*DATA EXTRACT*
+ + + + + + +

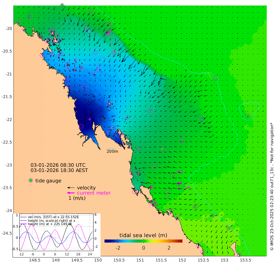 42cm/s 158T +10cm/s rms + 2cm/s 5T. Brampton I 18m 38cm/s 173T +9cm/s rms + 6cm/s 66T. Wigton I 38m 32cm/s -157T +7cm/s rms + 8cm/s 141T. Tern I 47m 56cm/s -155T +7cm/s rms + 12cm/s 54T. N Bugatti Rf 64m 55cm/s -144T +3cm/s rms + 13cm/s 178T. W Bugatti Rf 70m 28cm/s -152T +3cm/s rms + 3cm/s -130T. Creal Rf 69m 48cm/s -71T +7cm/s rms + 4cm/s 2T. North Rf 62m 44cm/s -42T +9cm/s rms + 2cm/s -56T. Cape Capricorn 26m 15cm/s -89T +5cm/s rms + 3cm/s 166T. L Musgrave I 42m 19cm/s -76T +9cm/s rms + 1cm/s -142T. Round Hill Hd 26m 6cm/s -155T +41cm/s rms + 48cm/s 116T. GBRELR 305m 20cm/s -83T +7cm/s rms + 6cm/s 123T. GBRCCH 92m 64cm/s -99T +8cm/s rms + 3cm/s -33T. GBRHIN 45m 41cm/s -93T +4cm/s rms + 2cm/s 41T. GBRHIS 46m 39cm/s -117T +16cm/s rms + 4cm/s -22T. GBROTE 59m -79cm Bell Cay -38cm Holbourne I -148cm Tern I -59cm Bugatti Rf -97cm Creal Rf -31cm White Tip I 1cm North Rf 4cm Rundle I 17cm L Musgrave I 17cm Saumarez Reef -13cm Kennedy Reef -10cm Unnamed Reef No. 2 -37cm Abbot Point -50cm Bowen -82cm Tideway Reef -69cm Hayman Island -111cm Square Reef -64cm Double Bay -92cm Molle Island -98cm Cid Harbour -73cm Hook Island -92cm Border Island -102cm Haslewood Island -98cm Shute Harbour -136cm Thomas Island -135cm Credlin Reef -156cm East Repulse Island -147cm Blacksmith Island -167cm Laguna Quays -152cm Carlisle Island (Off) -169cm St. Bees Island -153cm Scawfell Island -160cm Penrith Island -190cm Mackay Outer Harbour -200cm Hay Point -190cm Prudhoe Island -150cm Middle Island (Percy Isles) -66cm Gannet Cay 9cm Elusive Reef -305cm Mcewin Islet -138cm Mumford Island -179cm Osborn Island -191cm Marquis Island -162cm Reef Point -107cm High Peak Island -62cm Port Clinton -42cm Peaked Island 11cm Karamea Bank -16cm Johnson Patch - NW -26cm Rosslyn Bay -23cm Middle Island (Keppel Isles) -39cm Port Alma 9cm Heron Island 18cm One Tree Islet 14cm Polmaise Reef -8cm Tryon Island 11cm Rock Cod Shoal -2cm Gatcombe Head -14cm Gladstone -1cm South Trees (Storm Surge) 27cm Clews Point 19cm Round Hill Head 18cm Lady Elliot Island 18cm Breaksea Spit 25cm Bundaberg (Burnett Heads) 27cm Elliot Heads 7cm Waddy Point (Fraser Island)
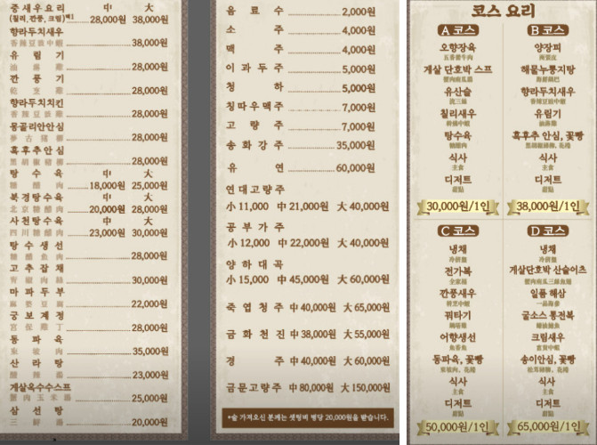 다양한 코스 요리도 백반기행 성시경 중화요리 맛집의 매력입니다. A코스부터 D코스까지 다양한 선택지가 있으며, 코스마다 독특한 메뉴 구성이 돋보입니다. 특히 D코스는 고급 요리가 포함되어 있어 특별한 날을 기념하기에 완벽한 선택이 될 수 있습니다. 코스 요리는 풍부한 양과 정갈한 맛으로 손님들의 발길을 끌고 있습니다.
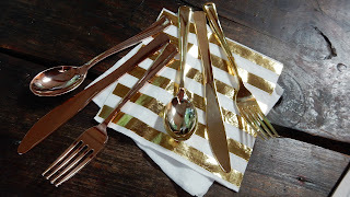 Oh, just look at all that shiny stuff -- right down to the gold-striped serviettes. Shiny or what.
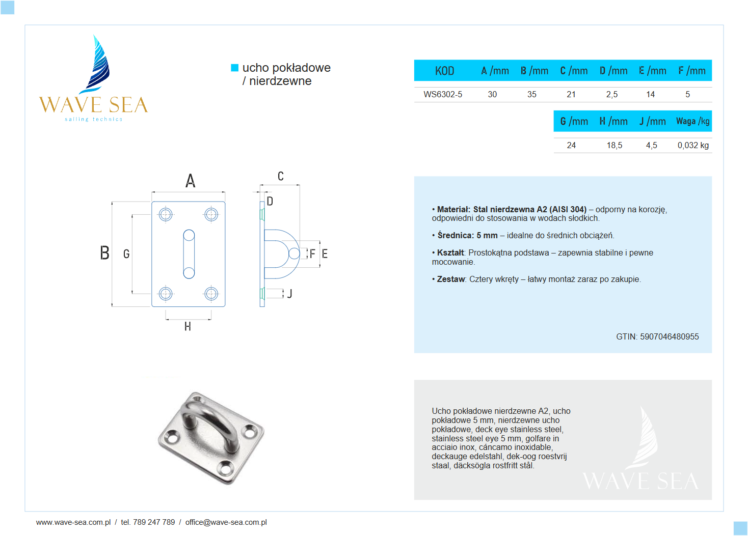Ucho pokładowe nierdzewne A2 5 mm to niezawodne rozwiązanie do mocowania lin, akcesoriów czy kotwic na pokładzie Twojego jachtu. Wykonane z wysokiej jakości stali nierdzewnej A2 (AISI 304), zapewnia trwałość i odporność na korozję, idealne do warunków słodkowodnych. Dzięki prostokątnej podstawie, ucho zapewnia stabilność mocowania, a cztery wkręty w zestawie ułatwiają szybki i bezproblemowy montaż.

+ + + + + + +

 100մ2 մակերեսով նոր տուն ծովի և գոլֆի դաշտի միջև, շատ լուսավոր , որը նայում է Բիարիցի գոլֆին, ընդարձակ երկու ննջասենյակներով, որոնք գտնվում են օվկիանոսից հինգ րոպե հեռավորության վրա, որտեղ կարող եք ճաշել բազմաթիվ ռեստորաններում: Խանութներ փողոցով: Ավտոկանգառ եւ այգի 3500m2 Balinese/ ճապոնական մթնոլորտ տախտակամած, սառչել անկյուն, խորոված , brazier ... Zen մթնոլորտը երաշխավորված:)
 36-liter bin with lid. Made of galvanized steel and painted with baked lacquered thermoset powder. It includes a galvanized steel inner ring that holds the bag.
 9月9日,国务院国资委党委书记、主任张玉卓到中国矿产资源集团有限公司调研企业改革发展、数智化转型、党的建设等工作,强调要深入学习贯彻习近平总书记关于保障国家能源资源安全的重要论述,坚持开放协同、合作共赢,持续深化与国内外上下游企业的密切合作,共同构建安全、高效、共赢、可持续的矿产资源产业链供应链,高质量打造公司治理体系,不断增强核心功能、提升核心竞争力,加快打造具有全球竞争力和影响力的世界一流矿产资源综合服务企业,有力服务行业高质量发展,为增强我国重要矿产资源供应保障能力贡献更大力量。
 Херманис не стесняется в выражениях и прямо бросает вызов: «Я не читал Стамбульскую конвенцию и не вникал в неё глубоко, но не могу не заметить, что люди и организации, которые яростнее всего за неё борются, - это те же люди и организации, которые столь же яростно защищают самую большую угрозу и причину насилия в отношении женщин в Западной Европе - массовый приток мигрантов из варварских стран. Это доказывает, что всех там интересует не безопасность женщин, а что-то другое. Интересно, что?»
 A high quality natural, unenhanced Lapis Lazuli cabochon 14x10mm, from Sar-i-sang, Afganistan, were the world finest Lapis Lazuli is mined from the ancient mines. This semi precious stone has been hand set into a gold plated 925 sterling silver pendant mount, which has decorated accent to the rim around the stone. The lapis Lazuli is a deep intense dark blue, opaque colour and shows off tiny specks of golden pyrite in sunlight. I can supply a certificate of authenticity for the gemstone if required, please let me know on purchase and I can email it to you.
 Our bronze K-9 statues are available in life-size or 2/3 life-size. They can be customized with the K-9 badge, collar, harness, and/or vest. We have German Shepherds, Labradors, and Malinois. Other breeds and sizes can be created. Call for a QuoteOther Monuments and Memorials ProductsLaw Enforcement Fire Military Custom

+ + + + + + +

*ASSIGNED TASK*
Please reproduce, exactly as they appear above, the lines from the line containing "9月9日,国务院国资委党委书" up to and including the line containing "A high quality".

*EXERCISE SOLUTION*
 9月9日,国务院国资委党委书记、主任张玉卓到中国矿产资源集团有限公司调研企业改革发展、数智化转型、党的建设等工作,强调要深入学习贯彻习近平总书记关于保障国家能源资源安全的重要论述,坚持开放协同、合作共赢,持续深化与国内外上下游企业的密切合作,共同构建安全、高效、共赢、可持续的矿产资源产业链供应链,高质量打造公司治理体系,不断增强核心功能、提升核心竞争力,加快打造具有全球竞争力和影响力的世界一流矿产资源综合服务企业,有力服务行业高质量发展,为增强我国重要矿产资源供应保障能力贡献更大力量。
 Херманис не стесняется в выражениях и прямо бросает вызов: «Я не читал Стамбульскую конвенцию и не вникал в неё глубоко, но не могу не заметить, что люди и организации, которые яростнее всего за неё борются, - это те же люди и организации, которые столь же яростно защищают самую большую угрозу и причину насилия в отношении женщин в Западной Европе - массовый приток мигрантов из варварских стран. Это доказывает, что всех там интересует не безопасность женщин, а что-то другое. Интересно, что?»
 A high quality natural, unenhanced Lapis Lazuli cabochon 14x10mm, from Sar-i-sang, Afganistan, were the world finest Lapis Lazuli is mined from the ancient mines. This semi precious stone has been hand set into a gold plated 925 sterling silver pendant mount, which has decorated accent to the rim around the stone. The lapis Lazuli is a deep intense dark blue, opaque colour and shows off tiny specks of golden pyrite in sunlight. I can supply a certificate of authenticity for the gemstone if required, please let me know on purchase and I can email it to you.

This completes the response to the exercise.